Plant Material. The tobacco (YNZY-20-06), a gene editing mutant with solanesol (a high content tetraterpene in tobacco) synthesis gene knockout, cultivated by Yunnan China Tobacco Industry Co. Ltd., was planted in the Greenhouse in Kunming, Yunnan Province. The tobacco stems were picked when the leaves were at a mature stage, and the voucher specimen (YNNI-21-09) was deposited in the Key Laboratory of Chemistry in Ethnic Medicinal Resources, Yunnan Minzu University, P. R. China.
Extraction and Isolation. The air-dried tobacco stems (4.0 kg) were crushed to 30 mesh, and were extracted four times with 70% aqueous acetone (4 × 8 L) at room temperature and filtered. All the extract was combined and condensed under reduced pressure (≤ 60°C), which was partitioned between EtOAc and H2O. The EtOAc part was discolorated with MCI. The concentrated 80% ethanol elution partial from MCI column obtained a purified extract of 126 g. The purified extract was applied to silica gel (200–300 mesh) column chromatography, eluting with a CHCl3–CH3OH gradient system (10:0, 9:1, 8:2, 7:3, 6:4, 5:5), to give six fractions A–F. Further separation of fraction B (9:1, 25.8 g) by silica gel column chromatography, eluted with CHCl3–(CH3)2CO (9:1–2:1), yielded mixtures B1–B6. Subfraction B2 (8:2, 8.15 g) was subjected to silica gel column chromatography using petroleum ether–acetone and semipreparative HPLC (52–58% MeOH–H2O, flow rate 12 mL/min) to give 1 (116.4 mg), 2 (18.2 mg), 3 (15.7 mg), and 7 (18.6 mg). Subfraction B3 (7:3, 6.27 g) was subjected to silica gel column chromatography using petroleum ether–acetone and semipreparative HPLC (48–52% MeOH–H2O, flow rate 12 mL/min) to give 4 (114.5 mg), 5 (17.3 mg), and 6 (18.4 mg).

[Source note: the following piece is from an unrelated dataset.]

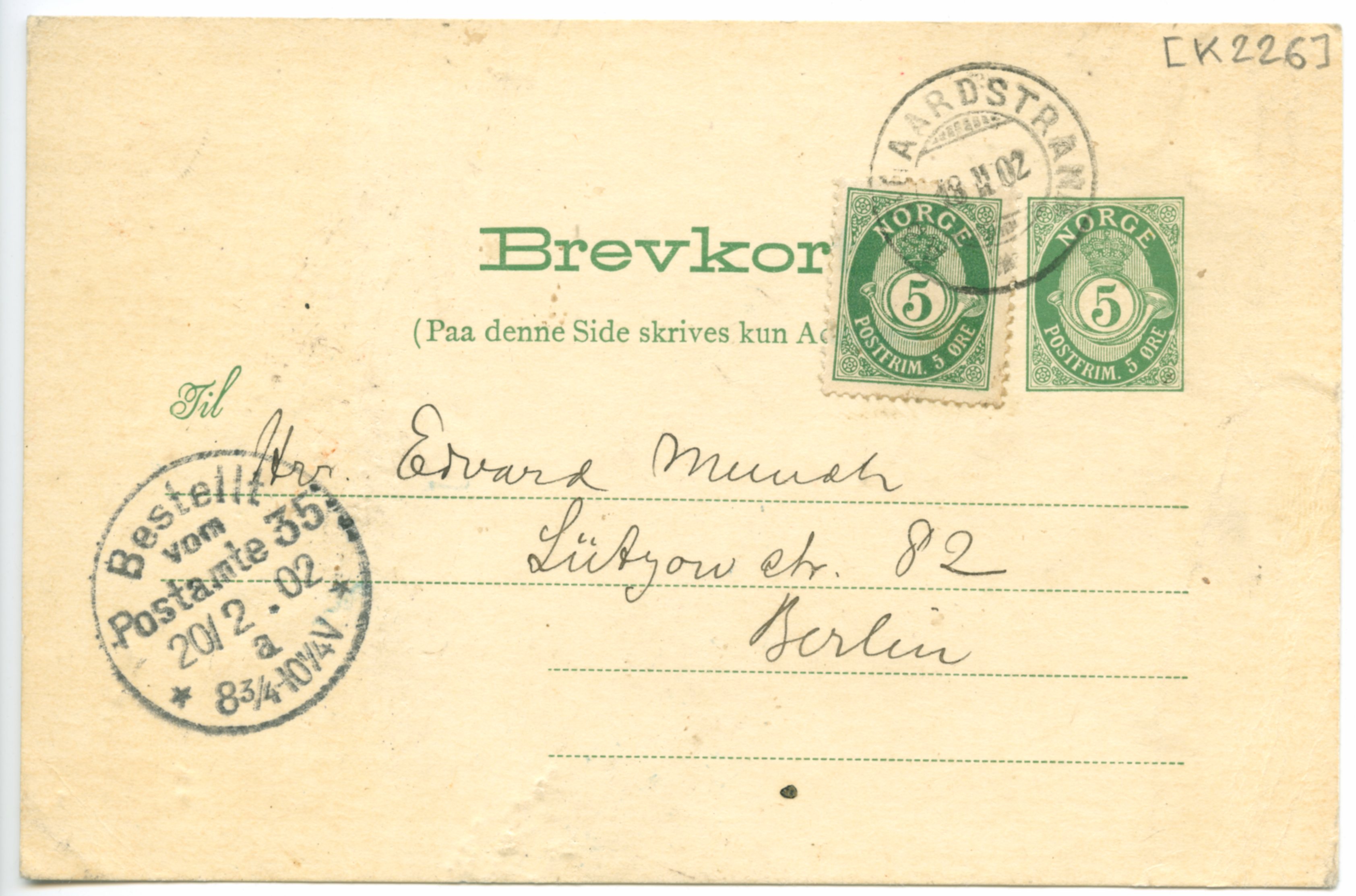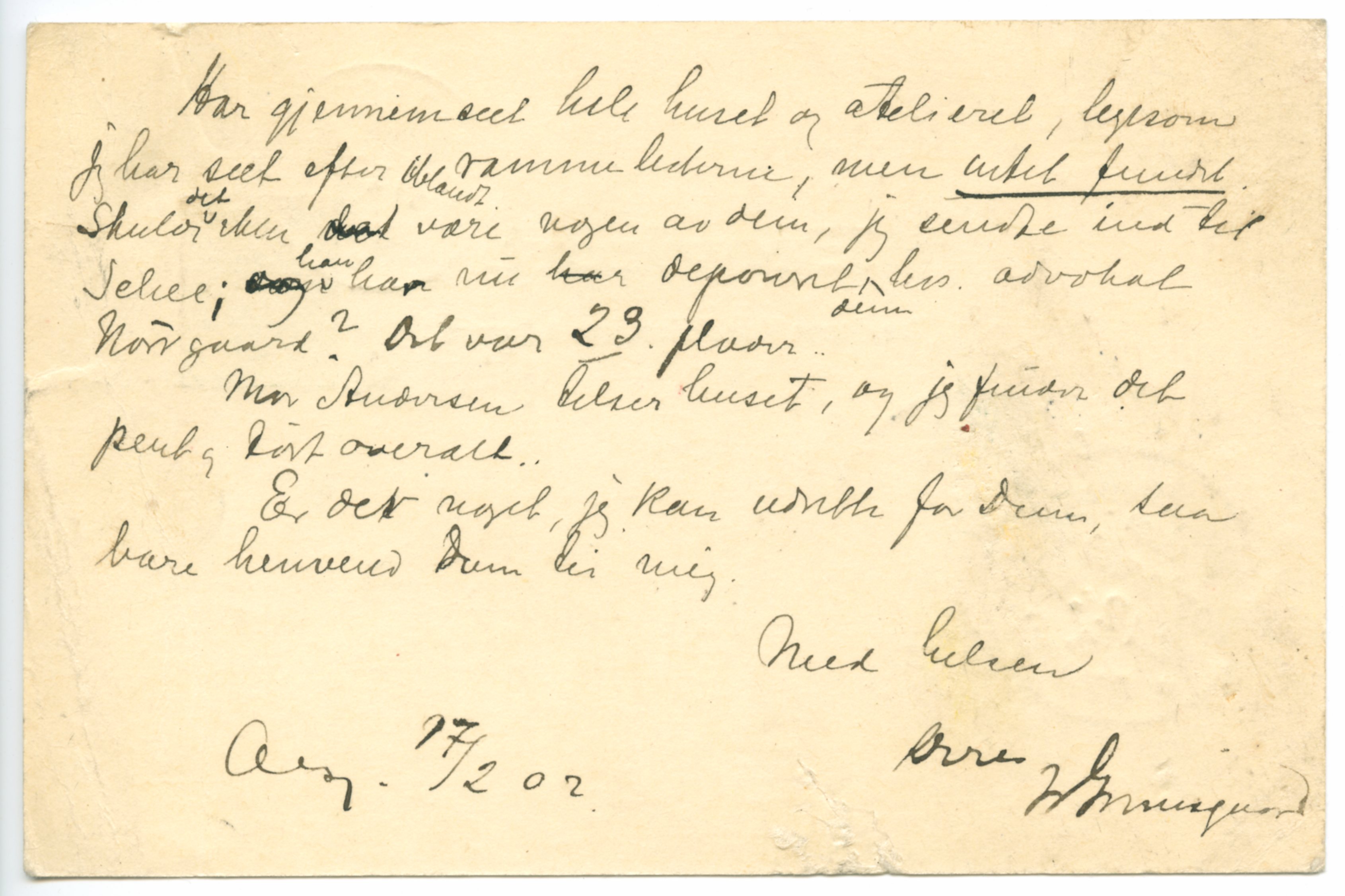 MM K 226, Munchmuseet. Datert 17.02.1902. Brev fra Wilhelm Grimsgaard.

Anti-MRSA Agar Disc Diffusion Assay. The MRSA strain ZR11 was clinically isolated from infectious samples of critically ill patients in the Clinical Laboratory of the First People′s Hospital of Yunnan Province, and confirmed by standard cefoxitin disk diffusion test following CLSI standard procedures [25]. The anti-MRSA activity of the compounds was evaluated via the disc diffusion method. The ZR11strain was inoculated in Mueller Hinton Broth and incubated at 37°C for 24 h. The turbidity of bacterial suspension was adjusted to 0.5 McFarland standard, which equals 1.5 × 108 colony-forming units (CFU)/mL. Sterile filter paper discs (6 mm) were impregnated with 20 μL (50 μg) of each compound and placed on inoculated Mueller Hinton agar containing bacterial suspension which was adjusted to 0.5 McFarland standard. The commercially available discs containing 30 μg Vancomycin were used as the positive control, whereas discs without samples (5% DMSO) acted as the negative control. The inhibition zones including the diameter of the disc (mm) were measured and compared after incubation at 37°C for 24 h. The tests were carried out in triplicate for each sample.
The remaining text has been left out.